What is the Cloud? The Cloud is an online storage option where files can be stored and accessed without being available to everyone on the Internet. Think of it as a personal hard drive that can only be accessed online.

The cloud is an inexpensive option for backing up and storing data. It is generally easy to use and free of complication. One of its benefits is the ability to access data wherever you are (depending on which option you go for). This means that you don’t have any physical hardware to worry about. If there is a fire at your work place or home you won’t lose your files, you can’t forget it on a train, and it won’t break down in the same way that a hard drive or USB drive might. However, this does not mean that it is entirely safe. Most Cloud storage does not promise data security, thus your files can be lost on the Cloud just as easily as it could be on your own drive.

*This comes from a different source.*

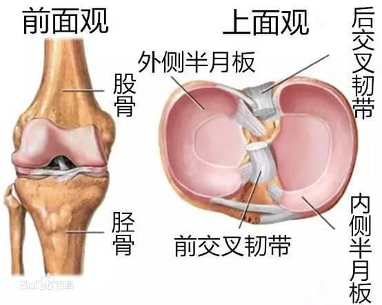 膝关节有内外侧2个半月板,位于胫骨平台内侧和外侧的关节面,膝关节运动时起缓冲作用。
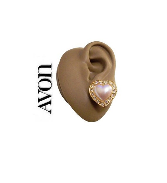 PrettyVintiqueJewels Avon Pearl Crystal Heart Clip On Earrings Gold Tone Vintage Large White Domed Center Bead Round Clear Accent Wide Edge Stones Nail Heads Very well made.

There are of course options which preserve data better by making copies on multiple servers but these generally cost a little more.

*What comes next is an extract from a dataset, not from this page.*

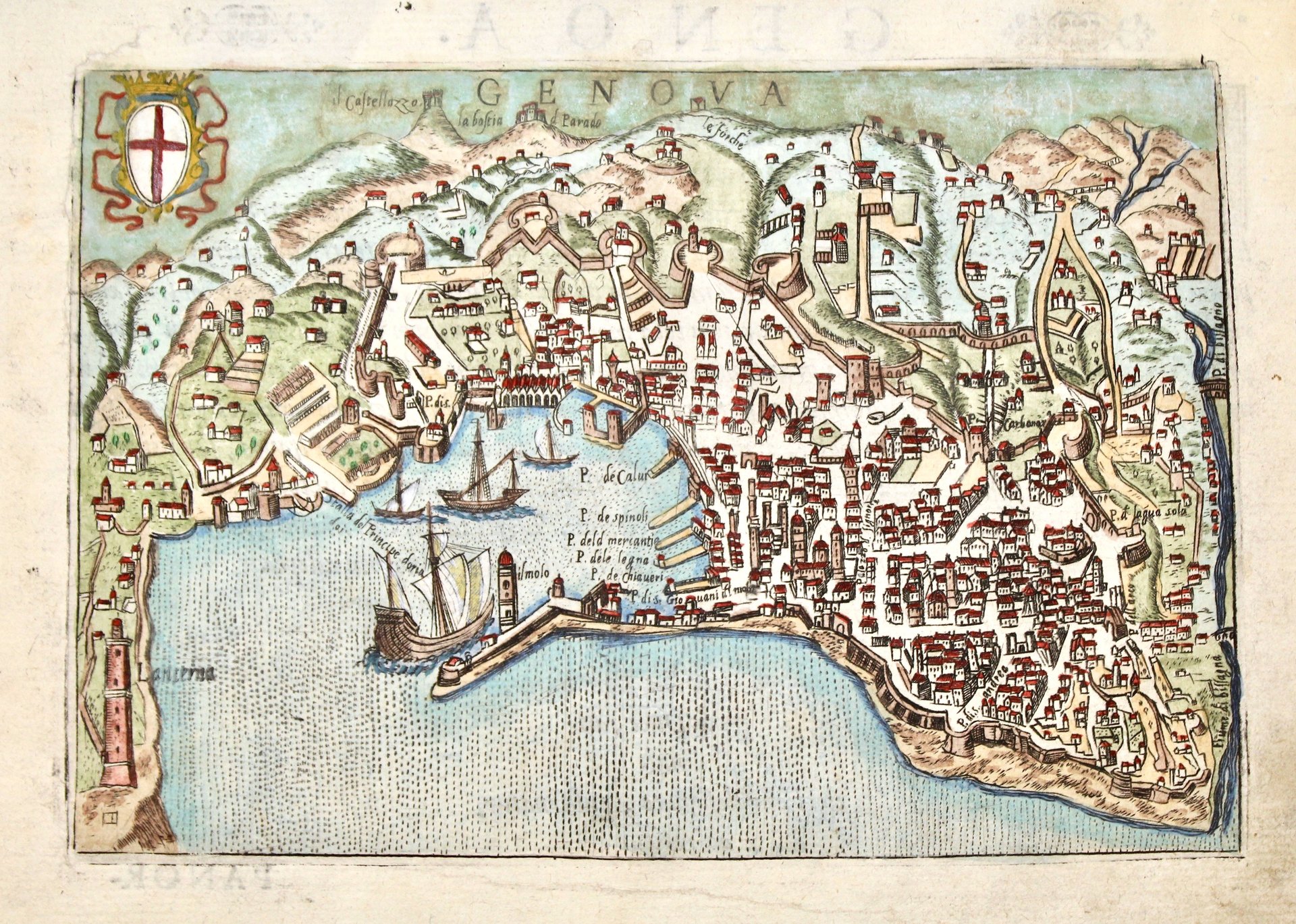 Incisione in rame, dipinta a mano, mm 120x173. Tratta da "Theatrum urbium Italicarum" prima edizione di questa raccolta di piante e vedute di città (senza dubbio da preferire per freschezza di stampa delle lastre alla successiva), ristampata successivamente a Vicenza nel 1616 da Domenico Amadio con l'aggiunta di alcune tavole (67 tavole invece delle 59 originali). Testo latino al verso, di autore ignoto, anche se alcuni studiosi ipotizzano sia dello stesso Bertelli. Ottimo esemplare.

There are two main types of cloud storage:

  1. Dedicated back-up service – these services do act like a proper back up of your files. Generally a copy is made of your files and then – at scheduled times – an automatic check is made which compares the status of your files currently to what is held on the Cloud. Any changes are then updated. This is useful to ensure a good back-up of your files is maintained, but often is more involved in getting hold of that data again. Thus this is a good preservation strategy but not useful if you wish to access those files quickly.
  2. Cloud sync services – these work very differently. A sync-service usually allows you to create a folder on multiple devices (and to access it via web browsers). This folder is magically shared between those devices so updating or adding a file on one device will automatically update it everywhere that the folder is contained.

When choosing a Cloud service you should consider the fact that many start-up companies offer competitive rates but don’t necessarily survive for long – there is generally no guarantee that your files would be accessible if the firm went bust. Also find out if there are any guarantees that you won’t lose data. Obviously no one can guarantee this 100% but there are various different levels of safety to consider. As your data will be stored elsewhere and possibly in many locations there is a higher chance that your data will be erroneously accessed by unauthorised persons. If your data is sensitive this could be a significant concern.

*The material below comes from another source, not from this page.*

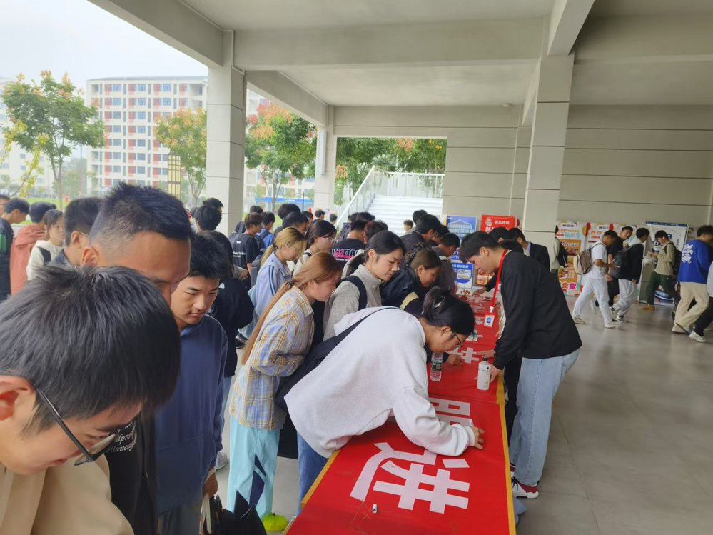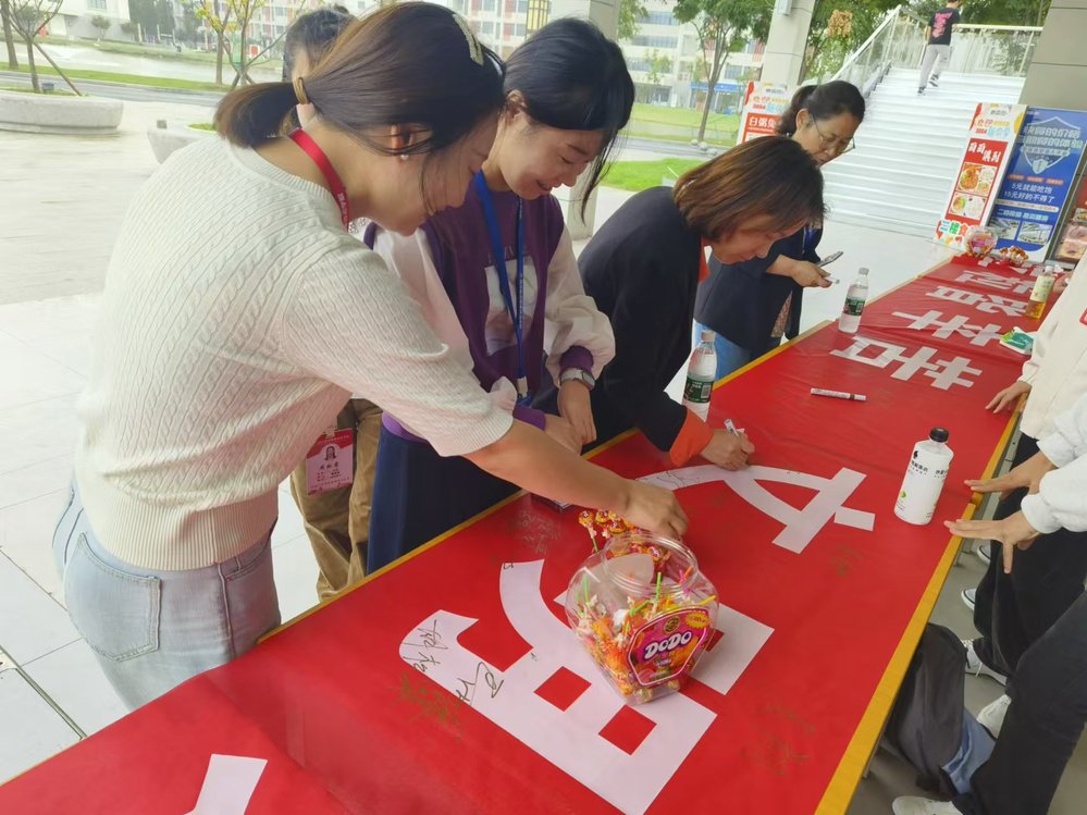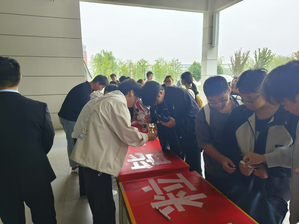 师生们驻足观看宣传内容,在横幅上签下自己的姓名,大家纷纷表示,将从自己做起,从点滴做起,珍惜每一粒粮食,为保障粮食安全贡献力量。签名活动结束后还将开展为期7天的“光盘行动”线上打卡活动,将节约粮食的良好习惯落实到学生日常生活中。

Another thing that you will need to consider is the size of your files (now and in the future). How big is the data set? Costs increase with the more space that you require.

Examples of Cloud storage include:

Dropbox

SkyDrive

Box

SugarSync

MediaFire

3.3 The Internet

A simple means to back up files (at least individually or in small sets) is to e-mail them to yourself. This is a long-standing and easy means to ensure that you have a back-up copy that is easily available to you and secured online (and perhaps on individual devices as well).

If you choose to do this as a regular thing, then you will need to consider how you will find and retrieve these files at a later date. Most e-mail services provide folder systems that allow you to organise your e-mails. Create some of these as you would do a folder system on your own hard drive. By this means you can create a good back up system, although you will also need to ensure:

  • Each e-mail is titled so that it explains what contents it contains. There is no use sending yourself copies of your files if you can’t find them again.
  • Once the file has been sent to your e-mail make sure that it hasn’t become corrupted in the process

Another option for using the internet as a place to store files is to use websites or blogs as a storage location. Even free blogs allow for a certain amount of document storage which means that you can save a copy of your file there for later retrieval or as a simple back up. In many cases you won’t need to make this publically available (although you might choose to do that).